● **DATA PROVIDED**:

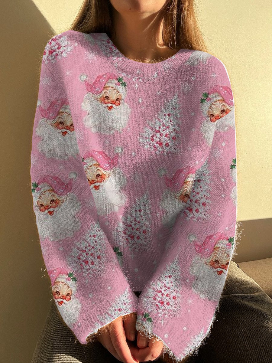 Women's Pink Retro Christmas Illustration Print Sweater
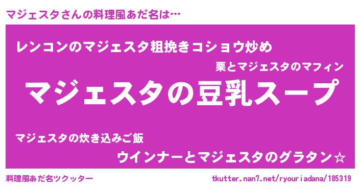 | 胡散臭い通販商品みたいなあだ名 | 『信頼と実績のサプリメント…その名も「マジェスタ」』 |
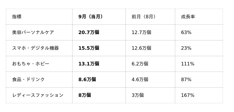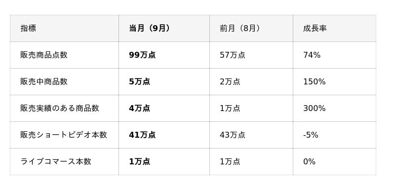 また、トップの「美容パーソナルケア」も63%と高い成長率が続いていますが、当カテゴリーはライブ配信経由の販売比率が「8月 18% → 9月 32.4%」と大きく増加しています。
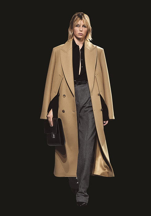 올겨울 단 하나의 코트를 구입한다면 기억해야 할 키워드는 남성의 맞춤복에서 착안한 정교한 테일러링과 고급스러운 소재에 집중한, 각진 어깨라인이 돋보이는 테일러드 코트다. 남성미가 느껴지는 파워 숄더 디자인은 지난 시즌에 이어 올해에도 1980년대 레트로 트렌드의 영향으로 여성 수트와 재킷, 코트 등에서 많이 선보였는데, 특히 이는 발목 가까이 내려오는 긴 기장, 여유로운 오버핏 실루엣의 코트에서 진면목을 발휘한다. 흡사 남성 코트를 연상시키지만, 자로 잰 듯 무게감 있게 떨어지는 깔끔하고 고급스러운 실루엣으로 도회적이면서 카리스마 있는 여성미를 동시에 드러낸다는 점에서 매력적이다. 가장 모범적인 예시로, 딱 떨어지는 어깨 라인이 돋보이는 테일러드 코트를 무심한 듯 시크하게 스타일링한 로에베의 룩을 참고할 것.
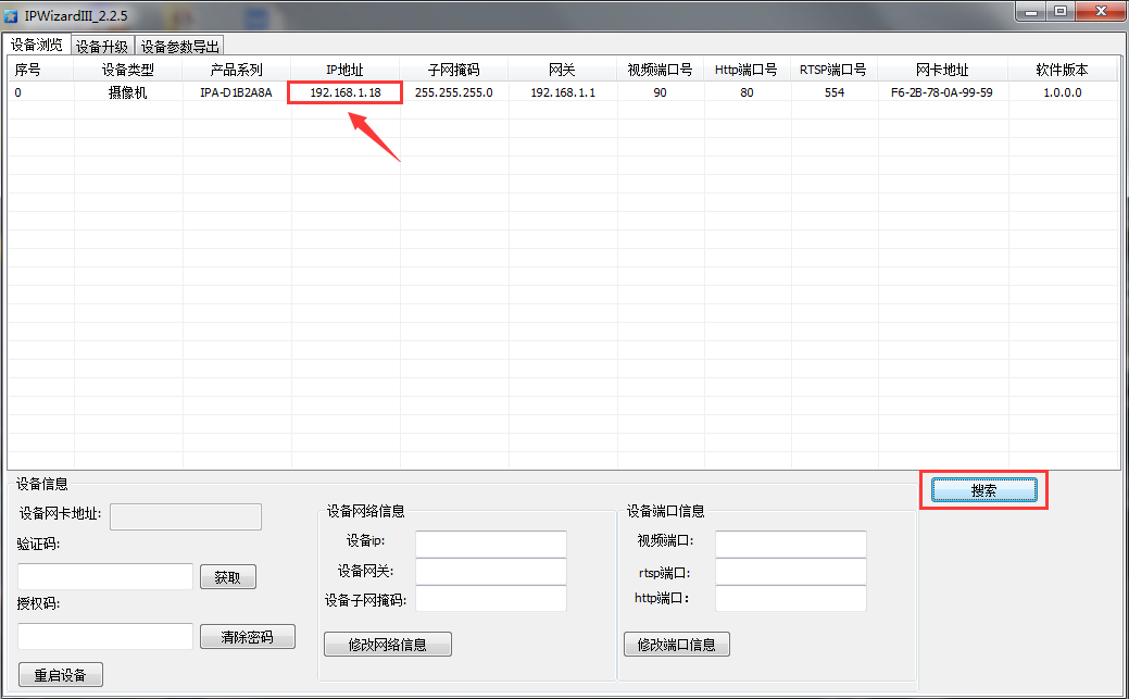 通過網(wǎng)線將設(shè)備正確連接到PC電腦;設(shè)備上電后,在電腦打開搜索工具,搜索設(shè)備IP地址。同時(shí)也可通過工具修改設(shè)備IP地址。

● **TO DO**: Above are the records; repeat their lines from the first through the line containing "18% → 9月 32.4%」と大きく増加しています。", and leave out each picture.

● **RESULT OF THIS TASK**:
 Women's Pink Retro Christmas Illustration Print Sweater
 | 胡散臭い通販商品みたいなあだ名 | 『信頼と実績のサプリメント…その名も「マジェスタ」』 |
 また、トップの「美容パーソナルケア」も63%と高い成長率が続いていますが、当カテゴリーはライブ配信経由の販売比率が「8月 18% → 9月 32.4%」と大きく増加しています。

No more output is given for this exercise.